Détail –important- qui témoigne de la sensibilité de ce dossier, des membres de la commission ont proposé dès le début que l’audition se déroule à huis clos. Les cinq officiers ayant clairement expliqué qu’ils ne parleraient pas de la même manière selon que la réunion est publique ou pas, le huis clos a fini par être voté.

Lors de ce que le président de la Commission a appelé un «brain storming», les députés ont voulu, ainsi que l’a expliqué Abdellatif Mekki, recueillir l’avis de ces militaires sur la meilleure manière d’exercer le contrôle démocratique sur les forces armées et de sécurité, la pertinence ou non de dédier une commission spéciale pour le contrôle des services de renseignement, la réduction des «éventuelles» interférence du politique dans les nominations au sein de l’armée, la situation matérielle des militaires, la mise en place d’un mécanisme permettant à ces derniers de faire part de leurs doléances concernant par exemple la légalité de certains ordres, et, enfin, sur la manière dont l’Etat peut continuer à tirer profit des compétences des militaires retraités.
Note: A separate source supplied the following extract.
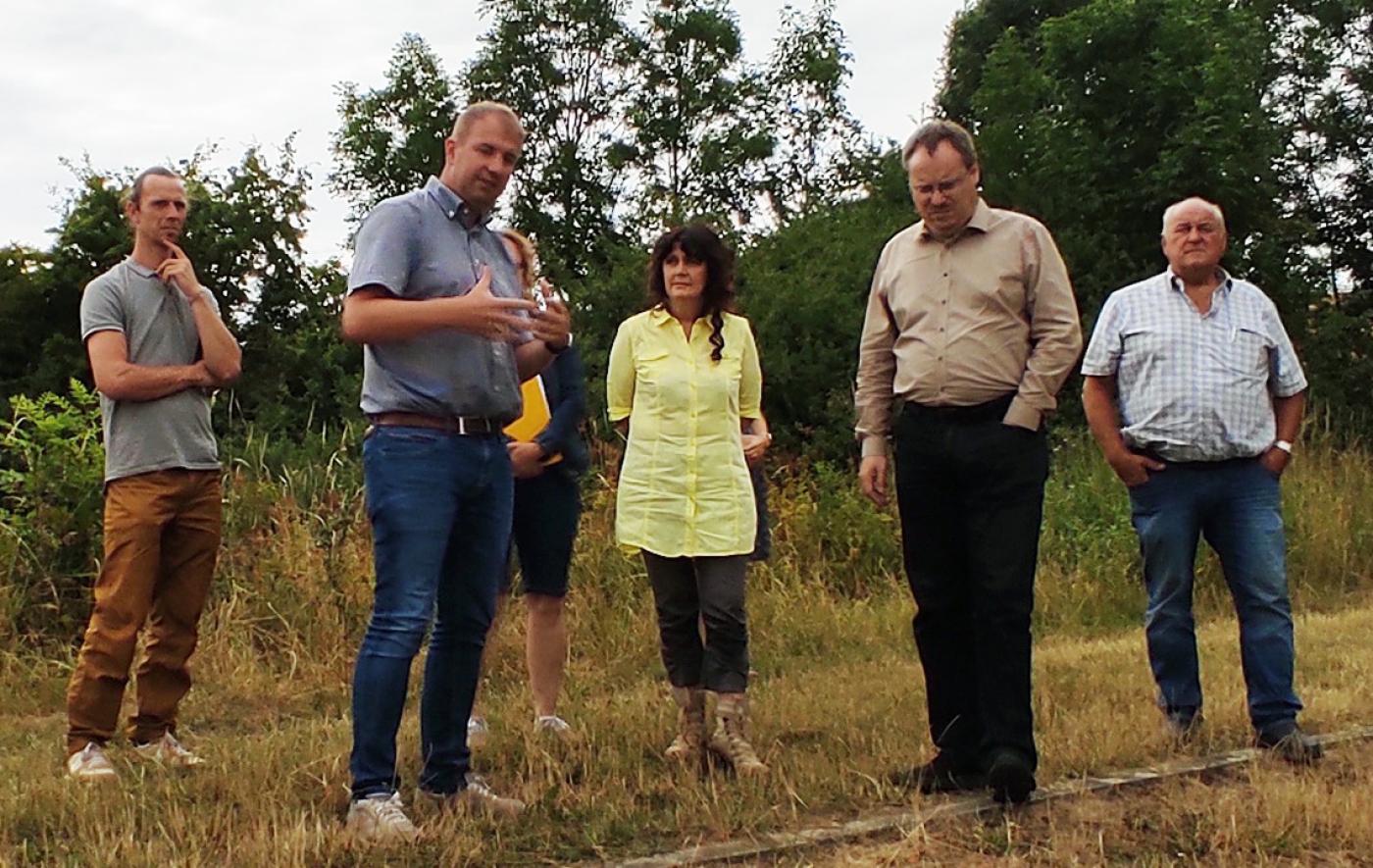Aber auch die Flurfahrt mit Herrn Landrat Onno Eckert im Kreis Gotha, die von Wechmar/Schwabhausen über Goldbach/Warza nach Sonneborn führte, bot eine weitgefächerte Themenpalette. Neben den ebenfalls erörterten Fragen der Versorgungssicherheit und Energie standen hier auch Tierwohl und Baurecht im Mittelpunkt. Die Ausweisung der Gewässer 2. Ordnung, die in ganz Thüringen, infolge der unterschiedlichen Ausweisungspraxis, weiterhin für Diskussionen sorgt, war auch am 28. Juli selbstverständlich wieder Thema. Unverändert gibt es „Gräben“ die als Gewässer eingestuft wurden, obwohl sie in der Landschaft nicht mehr vorhanden oder nutzbar sind bzw. keine Funktion mehr erfüllen. Auch gäbe es immer noch Diskrepanzen zwischen den Karten der Unteren Wasserbehörden und der veröffentlichten Karte des TLUBN. Hier besteht weiterer Gesprächsbedarf auf mehreren Ebenen und in den Regionen. Aber auch Themen der Beschleunigung von Baugenehmigungsverfahren, der Personalausstattung und fachlichen Expertise der Verwaltungen (vor dem Hintergrund der Demographie) und eine bessere Abstimmung zwischen Verwaltung und Berufsstand wurden angesprochen.

Bref, la Commission de la sécurité et de la défense cherche un moyen de sortir de l’impasse dans laquelle se trouve ce dossier depuis cinq ans.

De fait, ce débat sur la place et le rôle des forces armées et de sécurité en Tunisie et leurs relations avec les institutions étatiques, notamment démocratiquement élues, a été lancé quelques semaines seulement après la chute du régime Ben Ali.

L’initiative en revient au Centre pour le contrôle démocratique des forces armées –Genève (DCAF)- qui, en février 2011, a offert son expertise au gouvernement de transition qui l’a accepté et a adhéré en juillet 2011 au Conseil de fondation du DCAF, devenant ainsi son soixantième Etat-membre.

Dans la foulée, DCAF a ouvert un bureau à Tunis en octobre de la même année et conclu des accords portant sur des programmes d’assistance avec divers ministères (Intérieur, Justice et Défense afin de renforcer la bonne gouvernance des forces armées, de la police et des forces de sécurité.

Durant le règne de la Troïka, beaucoup de réunions ont été consacrées à ce sujet sans que le principe du contrôle démocratique des forces armées et de sécurité puisse être concrétisé. Un blocage imputable à la réticence des forces concernées à s’y soumettre, au motif de l’ignorance par les députés des questions militaires et sécuritaires.

La preuve en est qu’en décembre 2015, le ministre de l’Intérieur de l’époque, Najem Gharsalli, a ignoré une question du député Imed Khemiri (Ennahdha), au sujet de la mise en œuvre du contrôle parlementaire des institutions sécuritaires, qui, selon lui, «sont connues pour être fermées sur elles-mêmes et doivent s’ouvrir aux commissions (de l’ARP) chargées de ce dossier».

Aussi, DCAF et le Programme des Nations unies pour le développement (PNUD) –qui s’est également impliqué dans cette affaire- ont-ils, après les élections présidentielles et législatives de 2014, organisé de nombreux ateliers et tables rondes destinées à préparer un environnement propice à la mise en place du contrôle parlementaire des forces armées et de sécurité notamment en familiarisant les députés avec ses prérequis, exigences et modalités. Ce qui leur permet aujourd’hui de revenir à la charge sur ce dossier.